◆ **Task item**
Within the material below, locate the line with "(3)解:①在直线c上取一点" and the line with "This page presents", then return those two lines and all lines between them, exactly as written.

◆ **Input data**
- - -

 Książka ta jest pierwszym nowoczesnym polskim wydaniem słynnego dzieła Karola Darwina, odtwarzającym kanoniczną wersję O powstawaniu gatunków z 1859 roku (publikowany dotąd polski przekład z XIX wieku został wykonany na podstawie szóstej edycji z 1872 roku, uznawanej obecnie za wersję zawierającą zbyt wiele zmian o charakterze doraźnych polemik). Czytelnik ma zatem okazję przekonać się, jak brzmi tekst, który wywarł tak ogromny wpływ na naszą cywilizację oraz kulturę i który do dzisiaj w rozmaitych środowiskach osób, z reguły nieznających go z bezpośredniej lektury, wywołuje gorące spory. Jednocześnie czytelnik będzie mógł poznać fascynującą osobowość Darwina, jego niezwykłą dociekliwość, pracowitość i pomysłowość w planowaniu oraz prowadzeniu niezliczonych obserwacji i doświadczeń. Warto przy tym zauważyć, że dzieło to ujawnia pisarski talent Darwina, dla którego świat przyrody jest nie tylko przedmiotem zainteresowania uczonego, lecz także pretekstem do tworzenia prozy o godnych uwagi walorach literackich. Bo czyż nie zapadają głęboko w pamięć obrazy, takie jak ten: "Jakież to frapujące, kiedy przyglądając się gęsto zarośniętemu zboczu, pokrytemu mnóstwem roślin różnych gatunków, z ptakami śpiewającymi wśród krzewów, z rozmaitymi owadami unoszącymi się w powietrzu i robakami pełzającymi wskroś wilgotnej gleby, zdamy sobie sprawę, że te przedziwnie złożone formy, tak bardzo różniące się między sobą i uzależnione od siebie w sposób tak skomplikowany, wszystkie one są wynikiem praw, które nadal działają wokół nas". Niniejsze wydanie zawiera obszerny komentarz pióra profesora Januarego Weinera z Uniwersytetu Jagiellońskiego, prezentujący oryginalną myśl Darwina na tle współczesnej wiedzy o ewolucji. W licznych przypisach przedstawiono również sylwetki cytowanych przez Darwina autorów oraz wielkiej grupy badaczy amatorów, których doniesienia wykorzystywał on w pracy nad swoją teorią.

- - -

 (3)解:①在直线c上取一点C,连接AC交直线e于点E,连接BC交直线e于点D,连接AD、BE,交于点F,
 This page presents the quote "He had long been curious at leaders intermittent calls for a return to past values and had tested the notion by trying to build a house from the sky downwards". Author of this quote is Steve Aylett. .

- - -

◆ **Exercise answer**
 (3)解:①在直线c上取一点C,连接AC交直线e于点E,连接BC交直线e于点D,连接AD、BE,交于点F,
 This page presents the quote "He had long been curious at leaders intermittent calls for a return to past values and had tested the notion by trying to build a house from the sky downwards". Author of this quote is Steve Aylett. .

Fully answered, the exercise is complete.